Work instruction → Only lines with the string "long" are wanted. Pull them out of the data.

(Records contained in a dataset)
==========

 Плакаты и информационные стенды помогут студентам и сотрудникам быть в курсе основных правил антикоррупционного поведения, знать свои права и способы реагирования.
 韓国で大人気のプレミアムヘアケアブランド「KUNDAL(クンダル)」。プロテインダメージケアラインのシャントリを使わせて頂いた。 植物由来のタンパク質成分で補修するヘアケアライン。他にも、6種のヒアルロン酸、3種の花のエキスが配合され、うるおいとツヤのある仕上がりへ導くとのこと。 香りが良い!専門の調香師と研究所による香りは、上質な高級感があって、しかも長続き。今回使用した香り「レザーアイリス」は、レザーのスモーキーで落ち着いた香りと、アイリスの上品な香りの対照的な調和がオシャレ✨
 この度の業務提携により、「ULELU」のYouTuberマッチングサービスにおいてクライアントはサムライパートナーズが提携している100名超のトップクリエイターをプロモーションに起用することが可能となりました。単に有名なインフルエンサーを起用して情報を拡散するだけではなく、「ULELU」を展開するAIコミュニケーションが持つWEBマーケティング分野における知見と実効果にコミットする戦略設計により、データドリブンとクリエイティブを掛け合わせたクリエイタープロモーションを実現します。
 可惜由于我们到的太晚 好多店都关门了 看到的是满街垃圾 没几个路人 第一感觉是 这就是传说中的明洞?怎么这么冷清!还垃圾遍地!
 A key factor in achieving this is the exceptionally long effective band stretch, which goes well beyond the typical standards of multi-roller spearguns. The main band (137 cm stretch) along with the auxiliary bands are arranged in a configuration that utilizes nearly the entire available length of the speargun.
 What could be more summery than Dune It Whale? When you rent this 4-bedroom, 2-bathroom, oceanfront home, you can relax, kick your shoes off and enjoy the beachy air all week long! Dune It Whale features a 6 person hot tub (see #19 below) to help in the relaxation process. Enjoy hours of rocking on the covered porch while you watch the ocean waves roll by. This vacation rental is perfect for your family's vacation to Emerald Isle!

==========

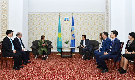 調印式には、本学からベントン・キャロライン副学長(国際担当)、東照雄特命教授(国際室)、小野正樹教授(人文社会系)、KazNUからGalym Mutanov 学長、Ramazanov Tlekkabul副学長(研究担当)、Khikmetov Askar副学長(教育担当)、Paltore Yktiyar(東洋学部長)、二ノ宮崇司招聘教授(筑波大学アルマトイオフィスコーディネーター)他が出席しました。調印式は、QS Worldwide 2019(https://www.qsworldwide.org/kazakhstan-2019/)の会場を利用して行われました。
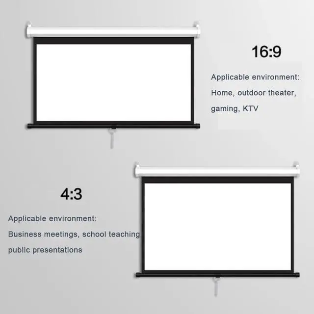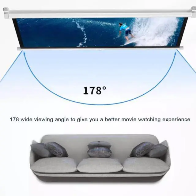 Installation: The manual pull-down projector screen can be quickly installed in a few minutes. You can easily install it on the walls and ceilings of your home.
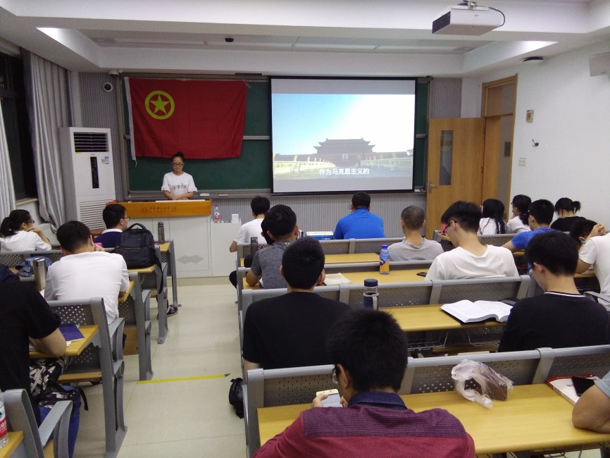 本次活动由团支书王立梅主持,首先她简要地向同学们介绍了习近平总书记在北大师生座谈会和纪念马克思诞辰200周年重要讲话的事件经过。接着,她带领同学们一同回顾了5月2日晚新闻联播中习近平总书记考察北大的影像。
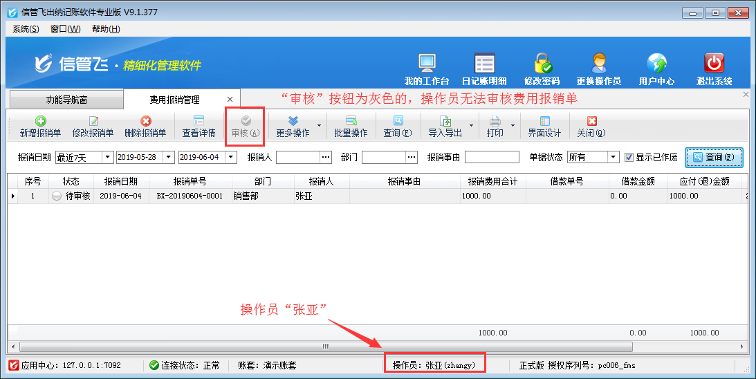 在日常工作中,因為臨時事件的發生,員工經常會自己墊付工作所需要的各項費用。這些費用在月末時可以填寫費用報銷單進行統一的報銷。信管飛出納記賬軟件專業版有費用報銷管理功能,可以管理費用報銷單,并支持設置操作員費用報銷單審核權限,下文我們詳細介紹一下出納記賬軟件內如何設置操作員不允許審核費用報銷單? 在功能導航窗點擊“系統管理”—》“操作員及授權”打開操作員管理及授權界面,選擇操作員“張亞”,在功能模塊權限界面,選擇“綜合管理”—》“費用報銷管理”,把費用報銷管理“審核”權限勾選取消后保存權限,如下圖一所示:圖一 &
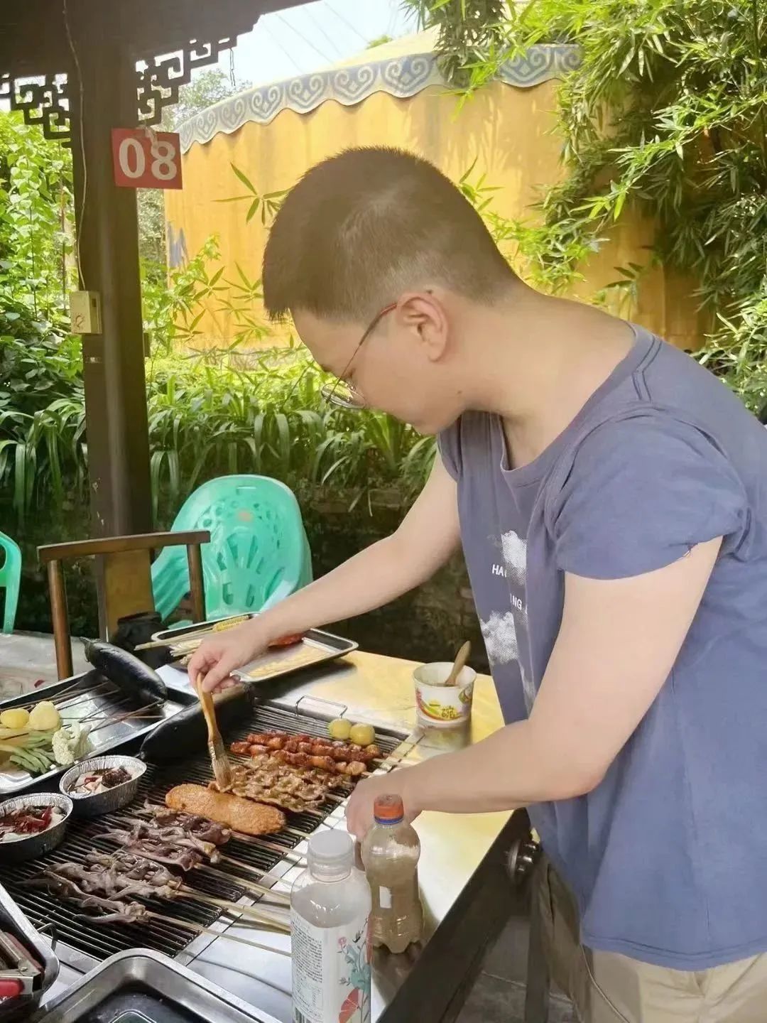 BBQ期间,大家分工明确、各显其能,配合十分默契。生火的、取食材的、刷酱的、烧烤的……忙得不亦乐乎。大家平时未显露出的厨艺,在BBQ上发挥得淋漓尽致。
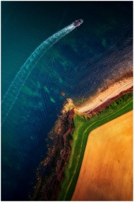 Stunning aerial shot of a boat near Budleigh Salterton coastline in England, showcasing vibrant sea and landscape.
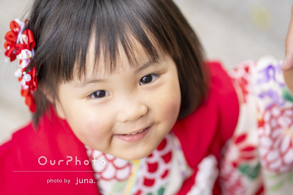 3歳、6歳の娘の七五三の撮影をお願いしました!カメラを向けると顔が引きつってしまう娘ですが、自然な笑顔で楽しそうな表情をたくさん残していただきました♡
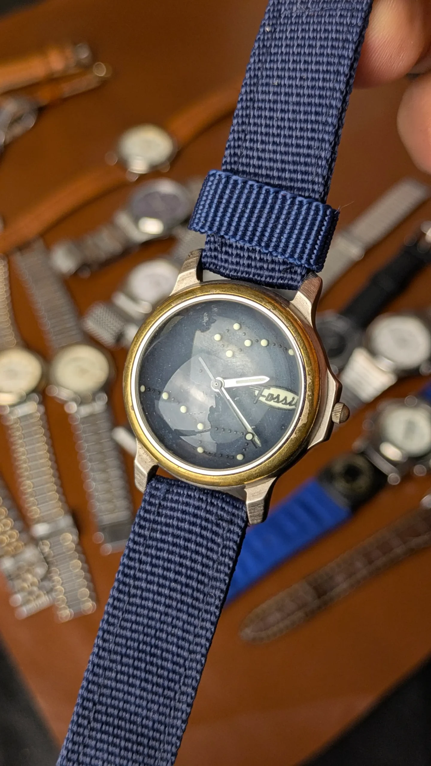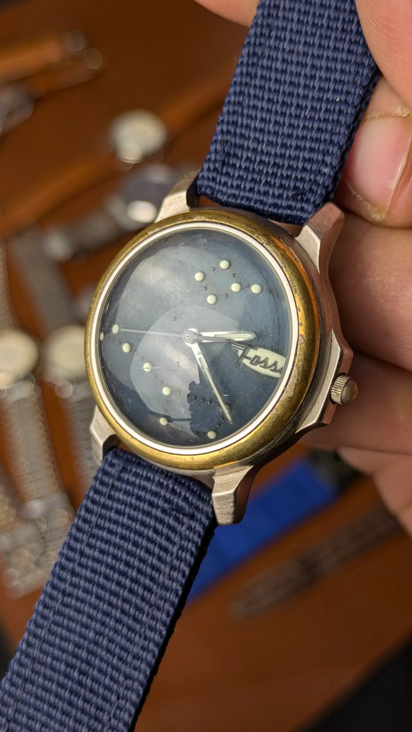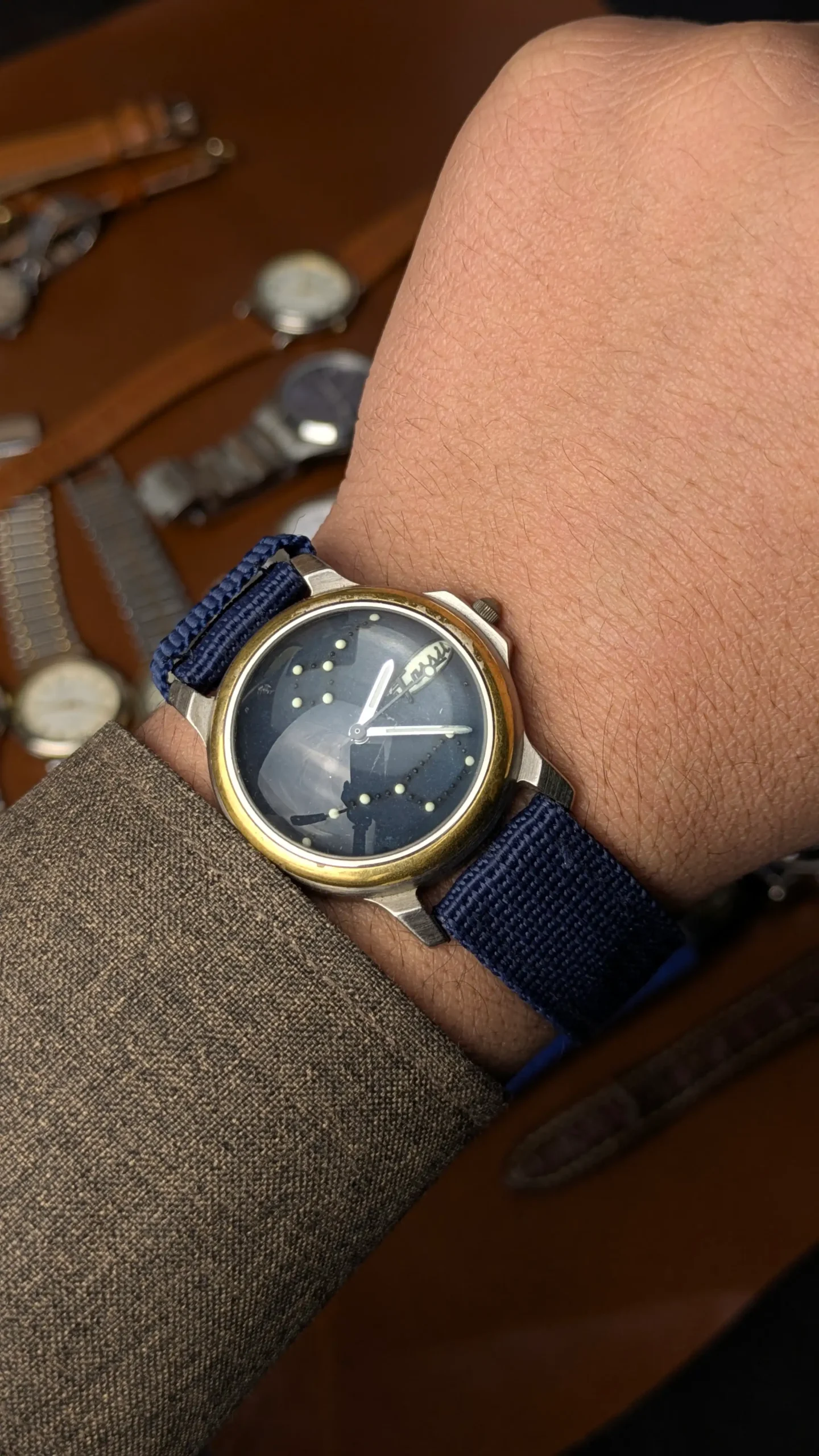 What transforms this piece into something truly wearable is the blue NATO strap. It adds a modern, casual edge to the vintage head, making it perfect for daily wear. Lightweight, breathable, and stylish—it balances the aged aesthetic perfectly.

==========

Result for this task →
 A key factor in achieving this is the exceptionally long effective band stretch, which goes well beyond the typical standards of multi-roller spearguns. The main band (137 cm stretch) along with the auxiliary bands are arranged in a configuration that utilizes nearly the entire available length of the speargun.
 What could be more summery than Dune It Whale? When you rent this 4-bedroom, 2-bathroom, oceanfront home, you can relax, kick your shoes off and enjoy the beachy air all week long! Dune It Whale features a 6 person hot tub (see #19 below) to help in the relaxation process. Enjoy hours of rocking on the covered porch while you watch the ocean waves roll by. This vacation rental is perfect for your family's vacation to Emerald Isle!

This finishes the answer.